**Exercise details**. A faithful copy without images is required: write out all the records exactly.

Collection entries:

┏━━

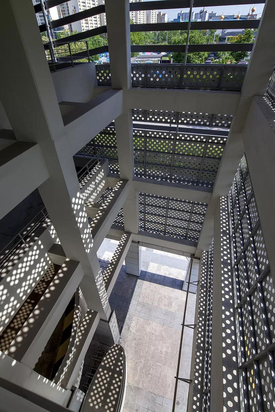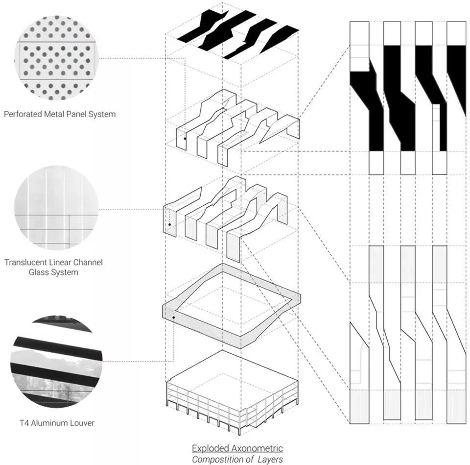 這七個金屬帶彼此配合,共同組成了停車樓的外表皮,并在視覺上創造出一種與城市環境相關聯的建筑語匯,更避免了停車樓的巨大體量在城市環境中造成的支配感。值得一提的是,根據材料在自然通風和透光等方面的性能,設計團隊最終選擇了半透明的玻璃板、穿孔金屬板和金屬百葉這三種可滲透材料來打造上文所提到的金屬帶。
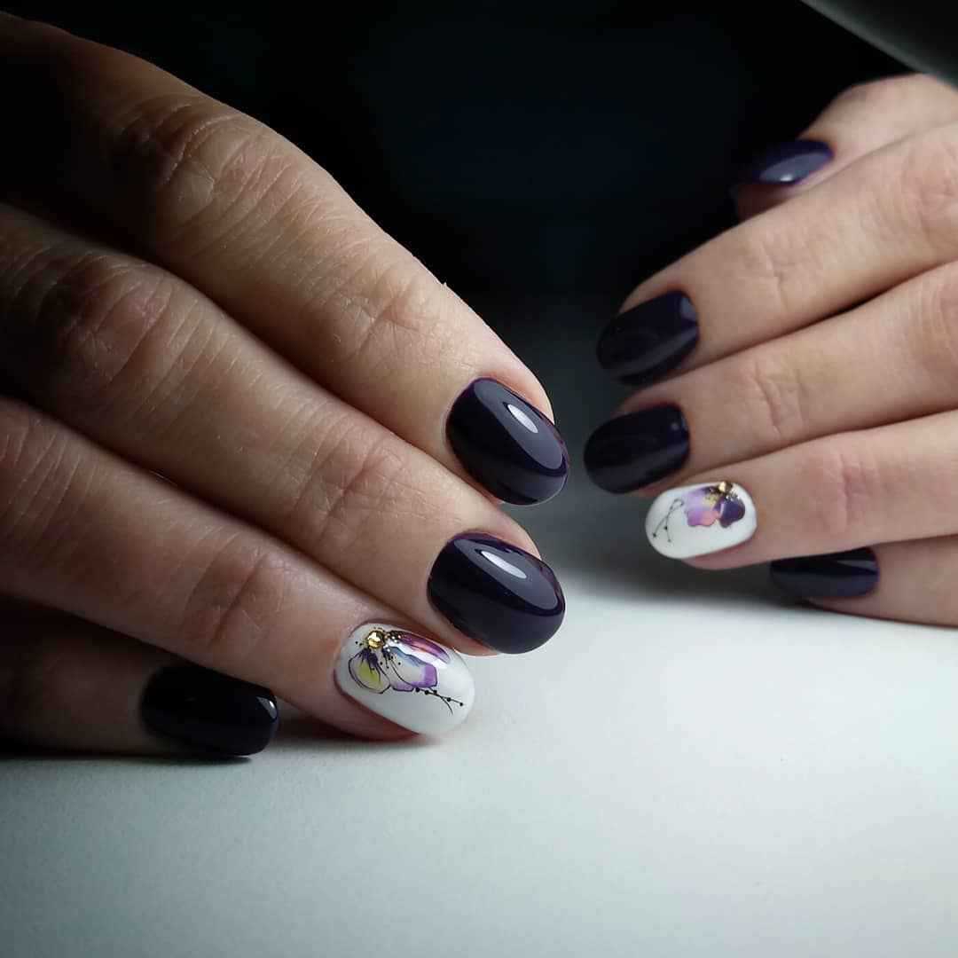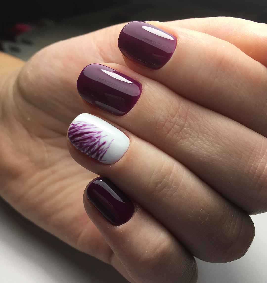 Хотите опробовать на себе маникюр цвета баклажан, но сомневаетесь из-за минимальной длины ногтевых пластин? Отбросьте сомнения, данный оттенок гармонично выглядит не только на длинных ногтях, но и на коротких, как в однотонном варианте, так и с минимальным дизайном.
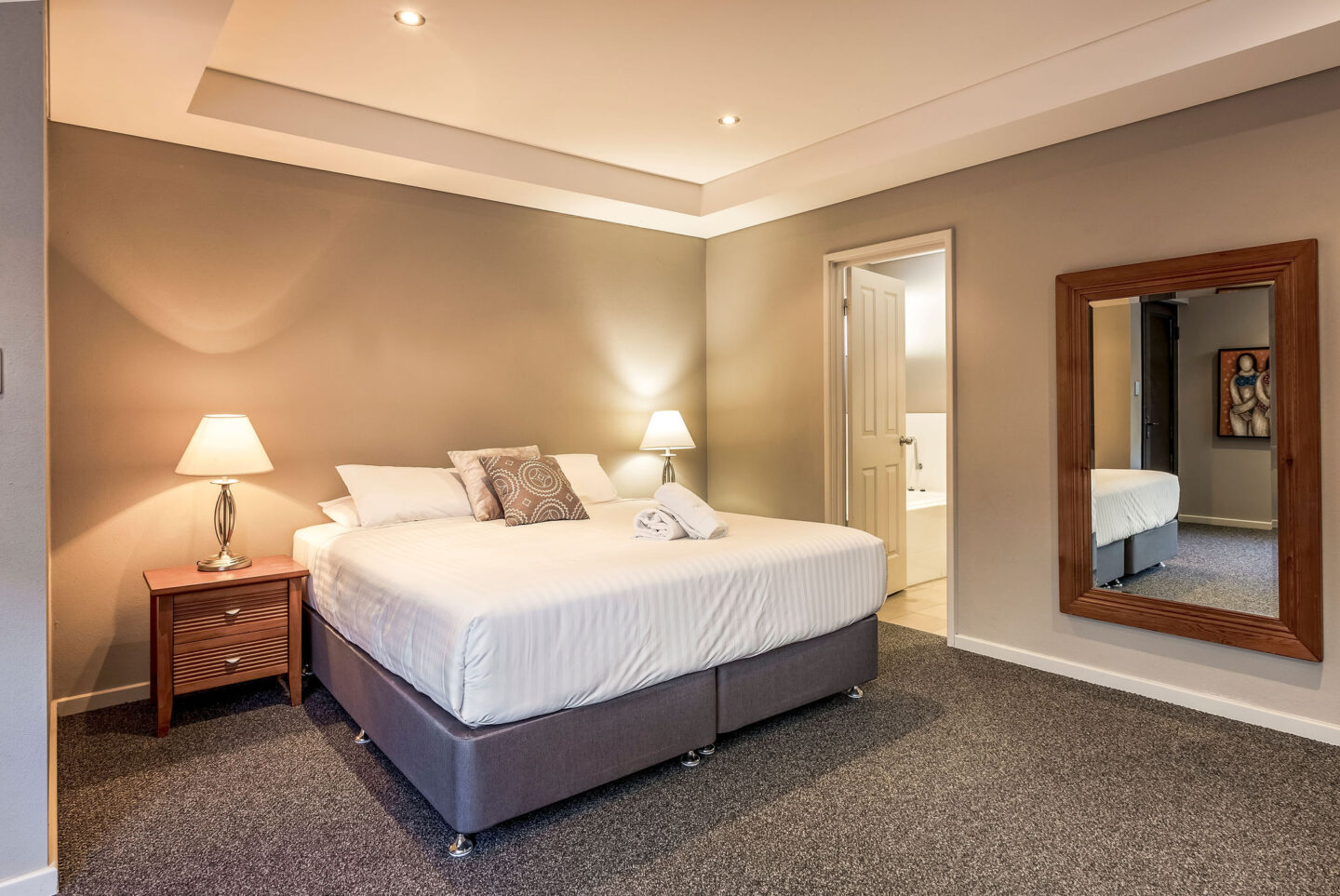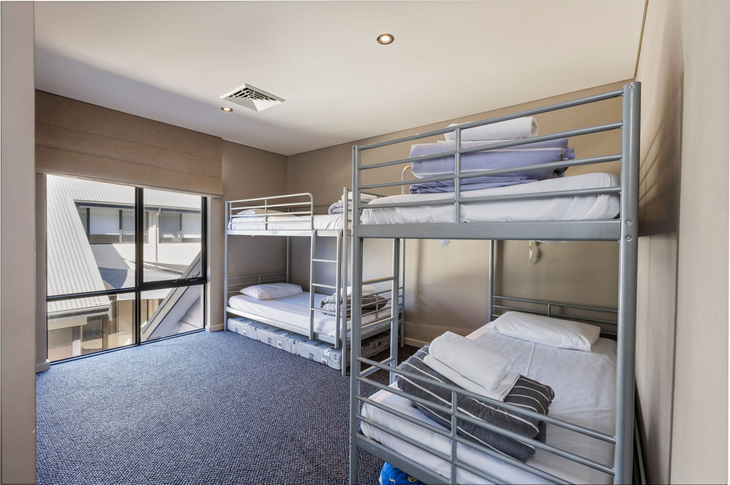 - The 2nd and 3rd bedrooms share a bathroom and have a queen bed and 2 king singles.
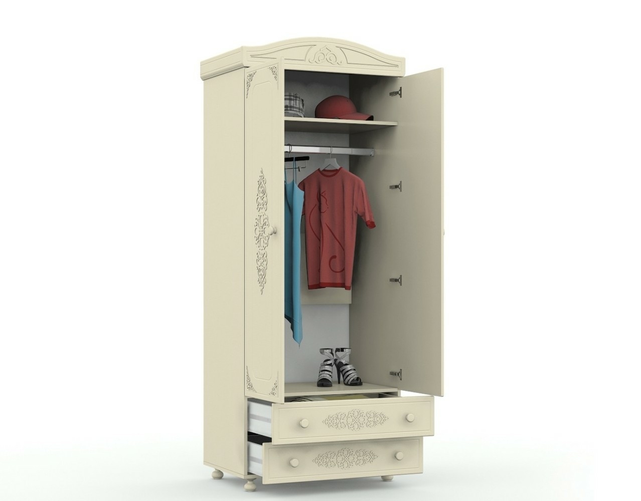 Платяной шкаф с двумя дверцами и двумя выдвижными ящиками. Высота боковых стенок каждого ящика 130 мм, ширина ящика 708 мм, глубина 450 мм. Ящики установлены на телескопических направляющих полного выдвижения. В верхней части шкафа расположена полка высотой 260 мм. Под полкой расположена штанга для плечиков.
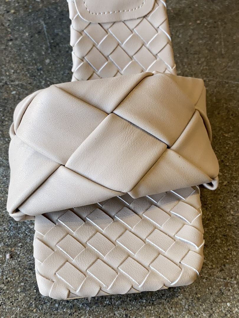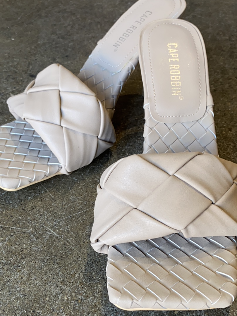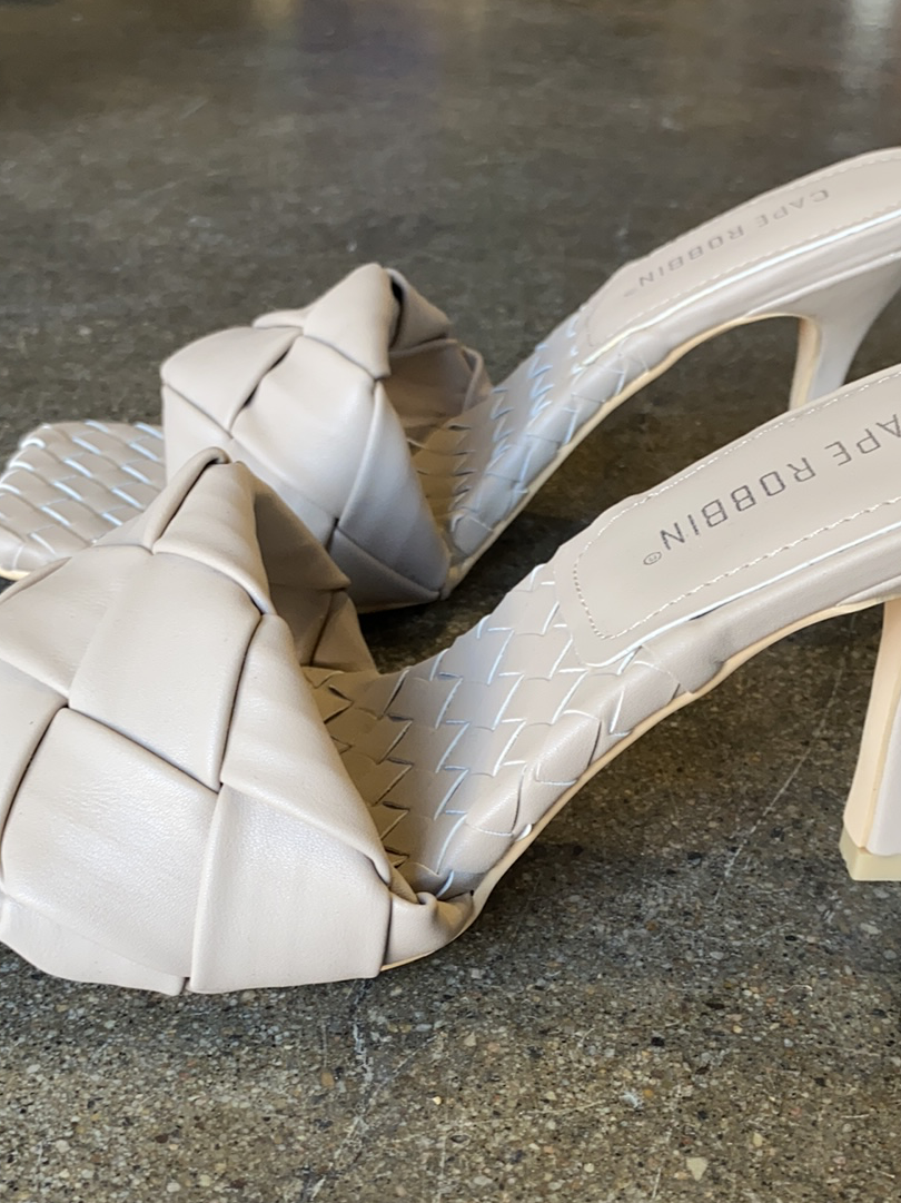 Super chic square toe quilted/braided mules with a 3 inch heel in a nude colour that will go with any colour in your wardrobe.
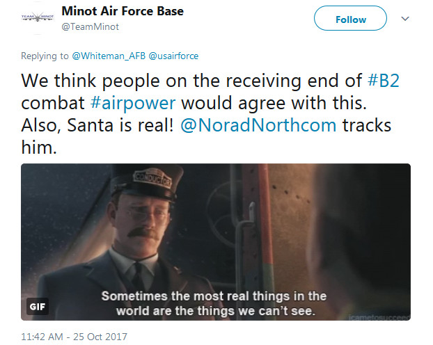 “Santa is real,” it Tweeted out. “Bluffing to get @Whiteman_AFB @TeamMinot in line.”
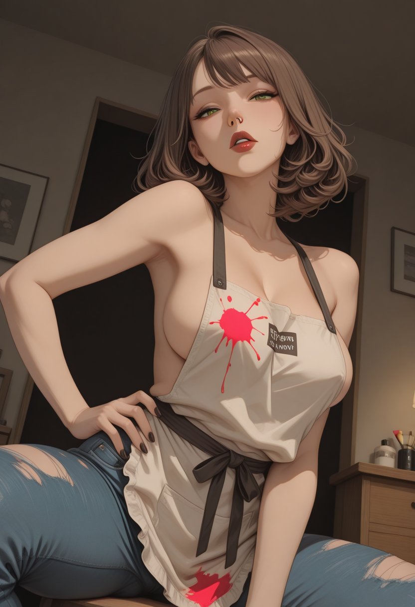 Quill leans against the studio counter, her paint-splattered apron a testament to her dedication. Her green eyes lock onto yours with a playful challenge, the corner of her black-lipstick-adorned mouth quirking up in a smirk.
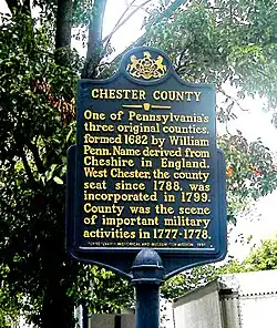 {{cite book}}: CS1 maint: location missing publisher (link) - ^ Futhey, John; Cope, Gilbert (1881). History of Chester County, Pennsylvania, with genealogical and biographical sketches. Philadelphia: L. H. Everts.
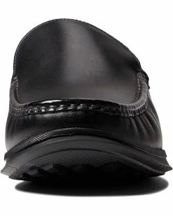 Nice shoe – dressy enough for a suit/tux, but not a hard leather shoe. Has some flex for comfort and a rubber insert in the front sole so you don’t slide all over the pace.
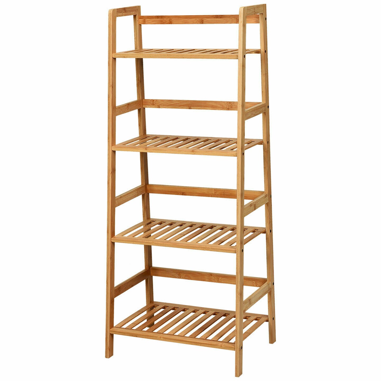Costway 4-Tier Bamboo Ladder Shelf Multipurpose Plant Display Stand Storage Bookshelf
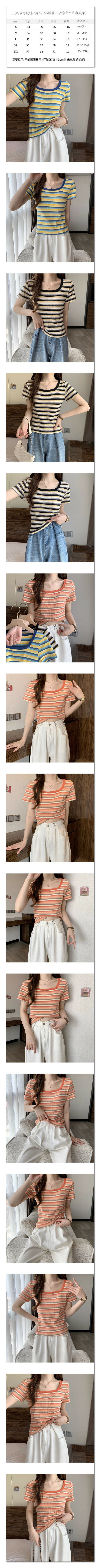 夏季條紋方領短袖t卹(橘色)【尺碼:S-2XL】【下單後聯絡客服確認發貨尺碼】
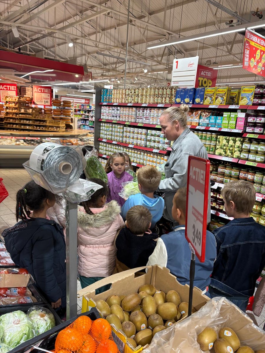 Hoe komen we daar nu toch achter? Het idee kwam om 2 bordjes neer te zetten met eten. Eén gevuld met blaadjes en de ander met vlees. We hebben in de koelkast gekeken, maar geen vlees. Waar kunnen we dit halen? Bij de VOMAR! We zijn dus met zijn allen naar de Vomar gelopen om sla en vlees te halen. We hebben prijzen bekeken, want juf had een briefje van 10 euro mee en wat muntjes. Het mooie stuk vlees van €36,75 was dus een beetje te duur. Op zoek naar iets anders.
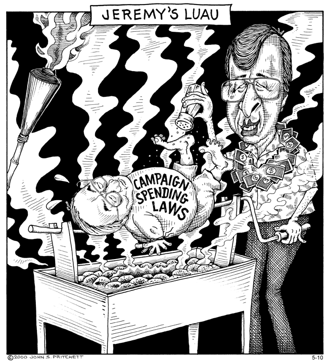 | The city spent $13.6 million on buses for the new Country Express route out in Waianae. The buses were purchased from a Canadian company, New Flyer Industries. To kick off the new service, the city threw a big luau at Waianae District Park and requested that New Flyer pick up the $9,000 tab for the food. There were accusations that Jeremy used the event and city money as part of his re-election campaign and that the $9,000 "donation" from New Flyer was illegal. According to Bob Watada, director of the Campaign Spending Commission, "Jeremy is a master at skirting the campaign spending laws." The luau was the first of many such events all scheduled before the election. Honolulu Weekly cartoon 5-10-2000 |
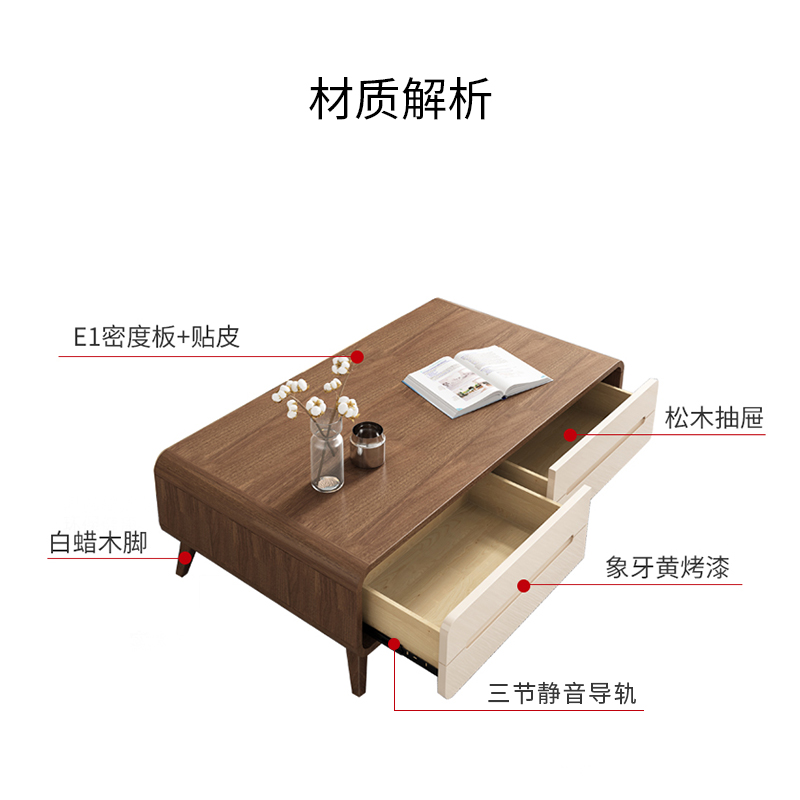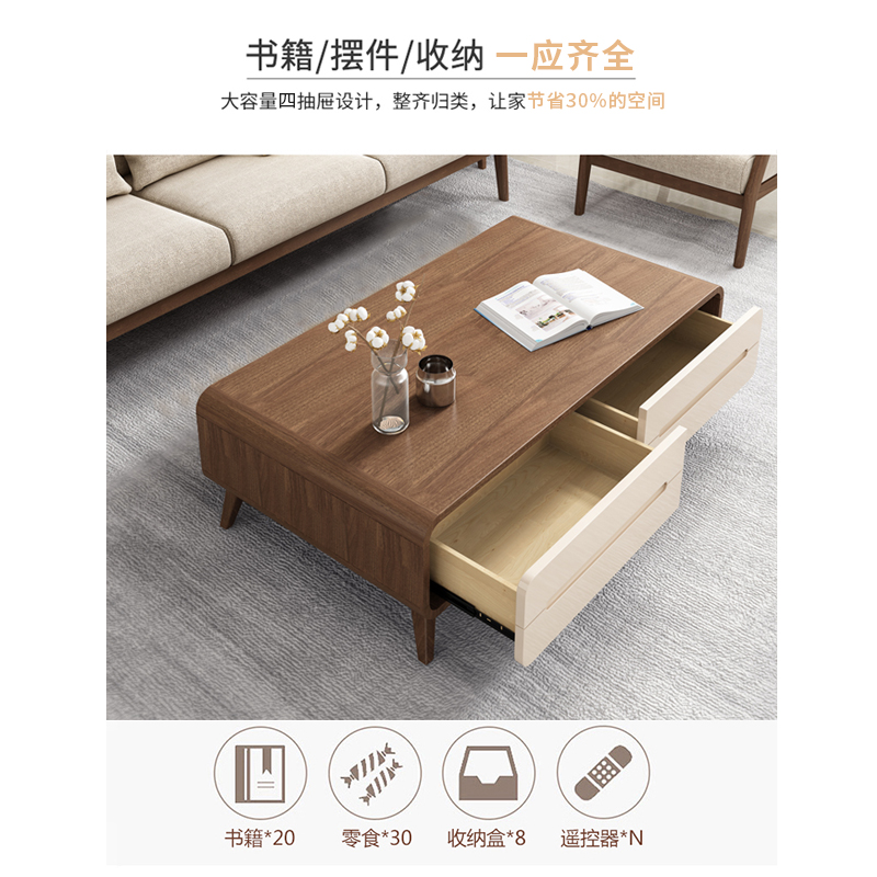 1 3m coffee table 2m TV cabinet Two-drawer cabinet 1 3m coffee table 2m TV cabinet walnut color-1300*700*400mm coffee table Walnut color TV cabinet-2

┗━━

**Written response**.
 這七個金屬帶彼此配合,共同組成了停車樓的外表皮,并在視覺上創造出一種與城市環境相關聯的建筑語匯,更避免了停車樓的巨大體量在城市環境中造成的支配感。值得一提的是,根據材料在自然通風和透光等方面的性能,設計團隊最終選擇了半透明的玻璃板、穿孔金屬板和金屬百葉這三種可滲透材料來打造上文所提到的金屬帶。
 Хотите опробовать на себе маникюр цвета баклажан, но сомневаетесь из-за минимальной длины ногтевых пластин? Отбросьте сомнения, данный оттенок гармонично выглядит не только на длинных ногтях, но и на коротких, как в однотонном варианте, так и с минимальным дизайном.
 - The 2nd and 3rd bedrooms share a bathroom and have a queen bed and 2 king singles.
 Платяной шкаф с двумя дверцами и двумя выдвижными ящиками. Высота боковых стенок каждого ящика 130 мм, ширина ящика 708 мм, глубина 450 мм. Ящики установлены на телескопических направляющих полного выдвижения. В верхней части шкафа расположена полка высотой 260 мм. Под полкой расположена штанга для плечиков.
 Super chic square toe quilted/braided mules with a 3 inch heel in a nude colour that will go with any colour in your wardrobe.
 “Santa is real,” it Tweeted out. “Bluffing to get @Whiteman_AFB @TeamMinot in line.”
 Quill leans against the studio counter, her paint-splattered apron a testament to her dedication. Her green eyes lock onto yours with a playful challenge, the corner of her black-lipstick-adorned mouth quirking up in a smirk.
 {{cite book}}: CS1 maint: location missing publisher (link) - ^ Futhey, John; Cope, Gilbert (1881). History of Chester County, Pennsylvania, with genealogical and biographical sketches. Philadelphia: L. H. Everts.
 Nice shoe – dressy enough for a suit/tux, but not a hard leather shoe. Has some flex for comfort and a rubber insert in the front sole so you don’t slide all over the pace.
Costway 4-Tier Bamboo Ladder Shelf Multipurpose Plant Display Stand Storage Bookshelf
 夏季條紋方領短袖t卹(橘色)【尺碼:S-2XL】【下單後聯絡客服確認發貨尺碼】
 Hoe komen we daar nu toch achter? Het idee kwam om 2 bordjes neer te zetten met eten. Eén gevuld met blaadjes en de ander met vlees. We hebben in de koelkast gekeken, maar geen vlees. Waar kunnen we dit halen? Bij de VOMAR! We zijn dus met zijn allen naar de Vomar gelopen om sla en vlees te halen. We hebben prijzen bekeken, want juf had een briefje van 10 euro mee en wat muntjes. Het mooie stuk vlees van €36,75 was dus een beetje te duur. Op zoek naar iets anders.
 | The city spent $13.6 million on buses for the new Country Express route out in Waianae. The buses were purchased from a Canadian company, New Flyer Industries. To kick off the new service, the city threw a big luau at Waianae District Park and requested that New Flyer pick up the $9,000 tab for the food. There were accusations that Jeremy used the event and city money as part of his re-election campaign and that the $9,000 "donation" from New Flyer was illegal. According to Bob Watada, director of the Campaign Spending Commission, "Jeremy is a master at skirting the campaign spending laws." The luau was the first of many such events all scheduled before the election. Honolulu Weekly cartoon 5-10-2000 |
 1 3m coffee table 2m TV cabinet Two-drawer cabinet 1 3m coffee table 2m TV cabinet walnut color-1300*700*400mm coffee table Walnut color TV cabinet-2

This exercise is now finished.